Tanssion > blog > Audio Products > Buzzer: Structure, Working Principle and Parameters

Buzzer: Structure, Working Principle and Parameters

Author: Tanssion Date: 2023-08-29 Hits: 0

Ⅰ. What is a buzzer?
Ⅱ. The structure of the buzzer
Ⅲ. The working principle of buzzer
Ⅳ. The production of the buzzer
Ⅴ. Parameters of the buzzer
Ⅵ. The typical circuit of the buzzer
Ⅶ. The advantages and disadvantages of the buzzer
Ⅷ. The component selection of the buzzer circuit
Ⅸ. The difference between active buzzer and passive buzzer
Ⅹ. Precautions for using the buzzer

Ⅰ. What is a buzzer?

The buzzer is an electronic sounder with an integrated structure. It is powered by DC voltage and is widely used as a sounding device in electronic products such as computers, printers, copiers, alarms, electronic toys, automotive electronic equipment, telephones, and timers. For example, the host computer of a desktop computer will make a "beep" sound when it is turned on, and the washing machine will make a sound when the button is pressed and the laundry is completed. These are all sent by the buzzer. The buzzer is represented by the letter "H" or "HA" in the circuit (the old standard uses "FM", "ZZG", "LB", "JD", etc.).

Ⅱ. The structure of the buzzer

1. Piezoelectric buzzer structure

(1) Leads: The piezoelectric sheet is connected to the circuit through the leads. When a voltage is applied, the leads transmit the voltage to the piezo.

(2) Diaphragm: The piezoelectric sheet is connected to a diaphragm, usually made of metal or plastic material. The vibrating membrane also vibrates when the piezoelectric sheet vibrates, thereby amplifying sound production.

(3) Piezoelectric Element: This is the core element of the buzzer, usually made of piezoelectric ceramic materials, such as piezoelectric ceramic wafers. When a voltage is applied, the piezoelectric sheet is mechanically deformed, causing vibrations.

(4) Backplate: There is a backplate under the vibrating membrane, which forms a cavity with the vibrating membrane. When the diaphragm vibrates, the air inside the cavity also vibrates, producing sound.

2. Electromagnetic buzzer structure

Electromagnetic buzzers use electromagnetic induction to generate sound. The following is the main structure of the electromagnetic buzzer.

(1) Magnet: We usually place a permanent magnet or electromagnet on the other side of the oscillator to enhance the vibration effect of the oscillator.

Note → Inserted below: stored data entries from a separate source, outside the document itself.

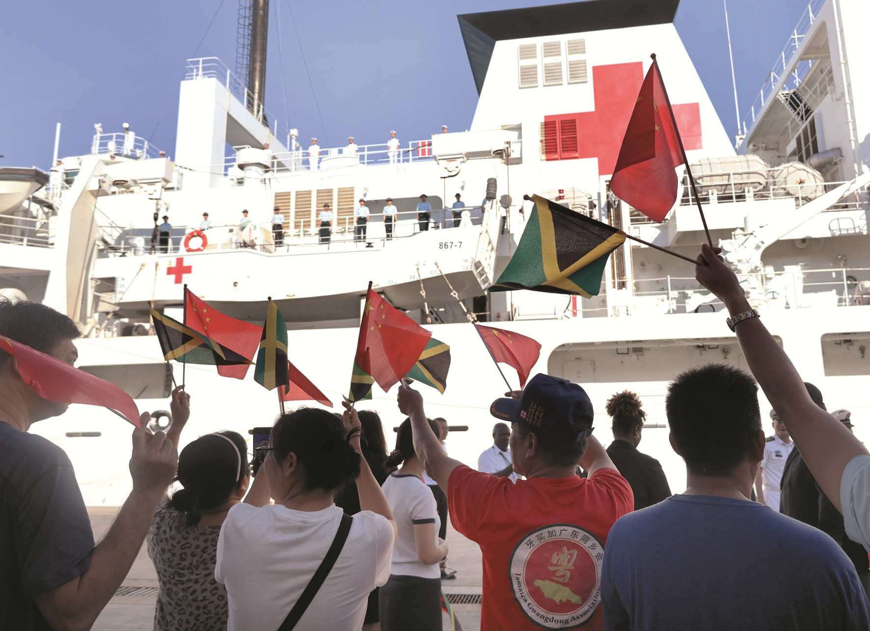 图①为12月16日,中国海军“丝路方舟”号医院船驶离牙买加法尔茅斯港。这是欢送仪式现场。
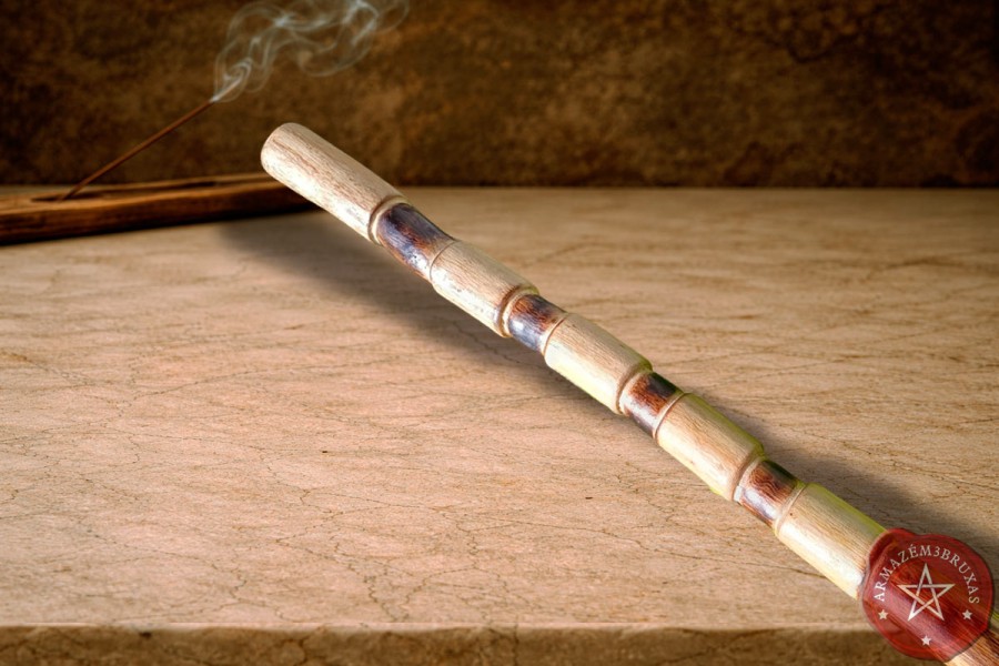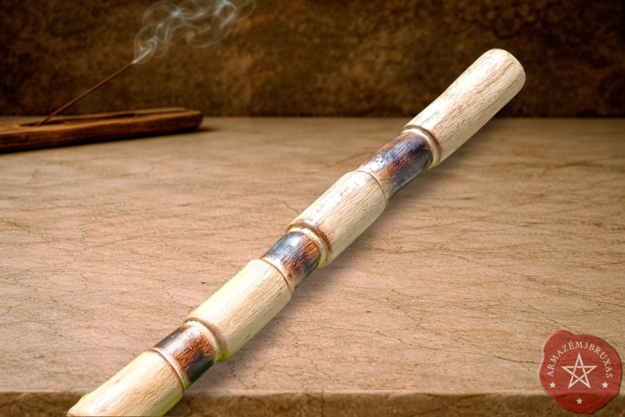 Este modelo apresenta haste personalizada com entalhes, oferecendo opção de seu futuro zelador gravar em relevo até quatro selos mágicos sem custo adicional.
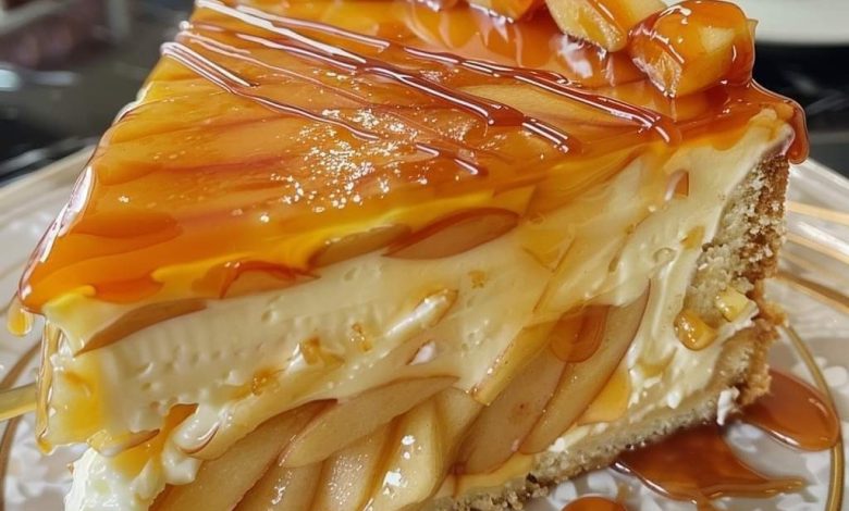 - Pour the remaining cheesecake batter over the apples, smoothing the top.
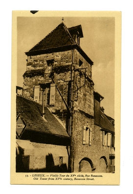3983Prentbriefkaart: foto van de oude toren in de Rue Banassan te Lisieux.
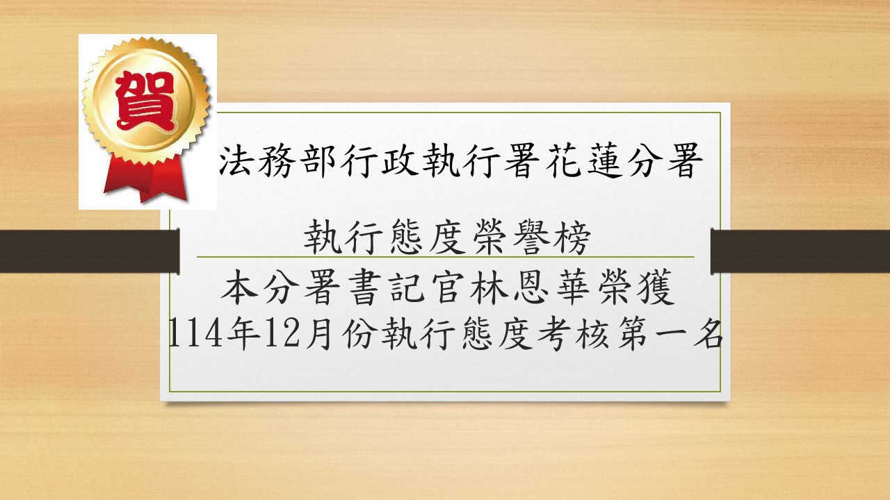 - 2 榮譽榜-114年12月執行態度評比第一名
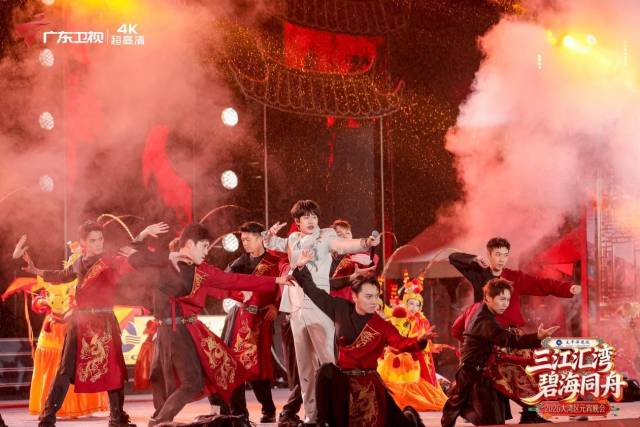 晚会特邀音乐人刘彰原创说唱作品《赤马》,结合非遗女子布马舞进行编排,彰显出奔腾、勇气、奋进的马年新气象。第十五届全国运动会会歌《气势如虹》激昂响起,歌手们以极具力量感的歌声,致敬各行各业里默默坚守的劳动者,诠释湾区儿女的拼搏精神,传播湾区昂扬的精神风貌。
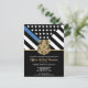 Ehre den Einsatz und die harte Arbeit eines neuen Strafverfolgungsbeamten mit dieser anpassbaren Einladung des Abschlusses. Dieses Design mit einem polizeilichen Abzeichen und einer Polizeifahne mit fett schwarz-weiß Streifen und einer stolzen blauen Linie symbolisiert Stärke, Service und Opfer. Die Einladung ist personalisiert mit dem Namen des Absolventen in Goldschrift, was es zu einem unvergesslichen Sake für Freunde, Familie und Kollegen macht. Ideal, um einen Abschluss, eine Werbeaktion oder einen Meilenstein in der Karriere eines zukünftigen Offiziers zu feiern. Laden Sie Ihre Gäste stilvoll ein und zeigen Sie Unterstützung für das neueste Mitglied der Thin Blue Line Community.
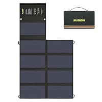A black solar panel with a white logo on the top left corner is displayed against a white background. The solar panel has a black frame and is divided into multiple panels. Next to it, there is a black carrying case with a white logo on the top right corner and a white handle. | Suaoki 60W Solar Charger (5V USB + 18V DC) Dual Output Sunpower Mono-Crystalline Portable Folding Solar Panel with Battery Clamps and Car Charger for Laptop Tablet GPS Cellphone Car | 555d47aa54c135aaaede1a3ded29ff9acf8198d04886441fe49ea3d2623fae9a | 001401457021 | 0 | 0 | 54 | 29 | 0 | 0 | |

(2) Diaphragm: The vibrator is connected to a diaphragm, usually a film-like material. The diaphragm also produces sound when the oscillator vibrates.

(3) Leads: The buzzer is connected to the circuit through the leads. Electromagnetic effects in the coil cause vibrations when current is passed.

(4) Coil: There is a coil inside the buzzer, which is usually wound by wire. When current is passed through the coil, a magnetic field is created.

(5) Armature: We place an armature near the coil, usually a piece of metal. When the coil generates a magnetic field, it exerts force on the vibrator, causing the vibrator to vibrate.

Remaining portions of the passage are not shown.